Object Storage connection settings{
"configurations":
[
{
"classification": "core-site",
"properties":
{
"fs.s3a.service.kic.credential.id": "credential_id",
"fs.s3a.service.kic.credential.secret": "credential_secret",
"fs.s3a.access.key": "access_key",
"fs.s3a.secret.key": "secret_key",
"fs.s3a.buckets.create.region": "kr-central-2",
"fs.s3a.endpoint.region": "kr-central-2",
"fs.s3a.endpoint": "objectstorage.kr-central-2.kakaocloud.com",
"s3service.s3-endpoint": "objectstorage.kr-central-2.kakaocloud.com"
}
}
]
}
- To integrate with the Data Catalog, configure Create Cluster > Step 3: Service integration settings (optional).
- In Service Integration, select Integrate with Data Catalog.
- In Data Catalog integration, verify the Hadoop network/subnet, then select the desired catalog.
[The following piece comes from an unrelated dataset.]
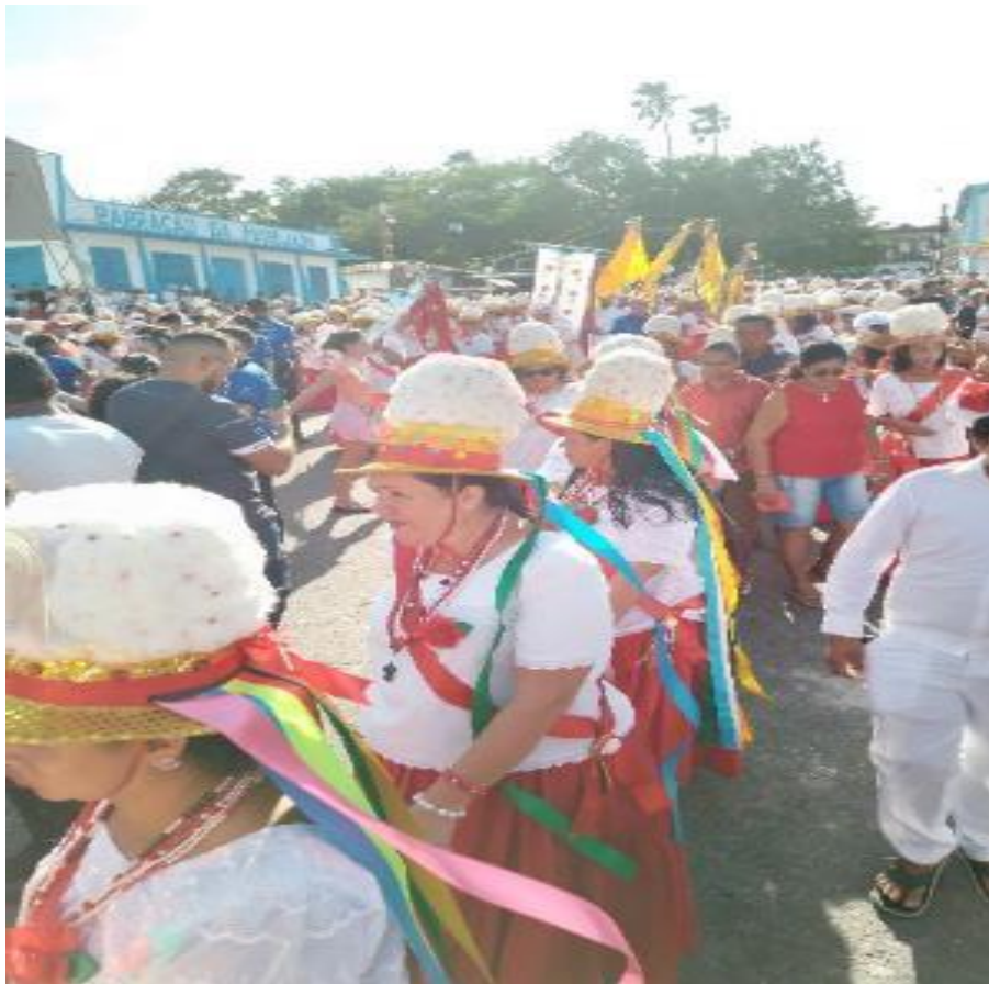
Figura 5 - Ala das marujas após a saída da igreja do andor de São Benedito

É possível pensar que a forte influência do culto afro-brasileiro e o lugar que as mulheres ocupavam nos templos seja a gênese do protagonismo das mulheres nessa manifestação. Uma tradição construída pelos pés descalços das negras e negros escravizados, mas que sofreram com a tentativa de apagamento de suas subjetividades, como parte do projeto de dominação colonial (Corrêa, 2020a. p. 51).

- To integrate with Object Storage, add settings for your engine in Hadoop Eco > Create Cluster > Step 3: Advanced settings (optional).
-
For issuing S3 credentials, see Authentication.
- If using Trino: add
iceberg-trino.properties - If using Spark: add
iceberg-spark-defaults.conf
Object Storage connection settings{
"configurations": [
{
"classification": "iceberg-setting",
"properties": {
"enabled": "true"
}
},
{
"classification": "iceberg-trino.properties",
"properties": {
"iceberg.rest.catalog.uri": "https://data-catalog-iceberg.kr-central-2.kakaocloud.com",
"iceberg.rest.catalog.warehouse": "s3://bucketName/prefix",
"iceberg.rest.catalog.credential.id": "credential_id",
"iceberg.rest.catalog.credential.secret": "credential_secret",
"iceberg.rest.catalog.s3.endpoint": "https://objectstorage.kr-central-2.kakaocloud.com",
"iceberg.rest.catalog.s3.region": "kr-central-2",
"iceberg.rest.catalog.s3.access": "access",
"iceberg.rest.catalog.s3.secret.key": "key"
}
},
{
"classification": "iceberg-spark-defaults.conf",
"properties": {
"spark.sql.catalog.datacatalog.uri": "https://data-catalog-iceberg.kr-central-2.kakaocloud.com",
"spark.sql.catalog.datacatalog.warehouse": "s3a://bucketName/prefix",
"spark.sql.catalog.datacatalog.s3.endpoint": "https://objectstorage.kr-central-2.kakaocloud.com",
"spark.sql.catalog.datacatalog.s3.region": "kr-central-2",
"spark.sql.catalog.datacatalog.s3.access.key.id": "id",
"spark.sql.catalog.datacatalog.s3.secret.access.key": "key",
"spark.sql.catalog.datacatalog.header.credential_id": "credential_id",
"spark.sql.catalog.datacatalog.header.credential_secret": "credential_secret",
"spark.hadoop.fs.s3a.access.key": "access_key",
"spark.hadoop.fs.s3a.secret.key": "secret_key"
}
}
]
} - If using Trino: add
- To integrate with the Data Catalog, configure Create Cluster > Step 3: Service integration settings (optional).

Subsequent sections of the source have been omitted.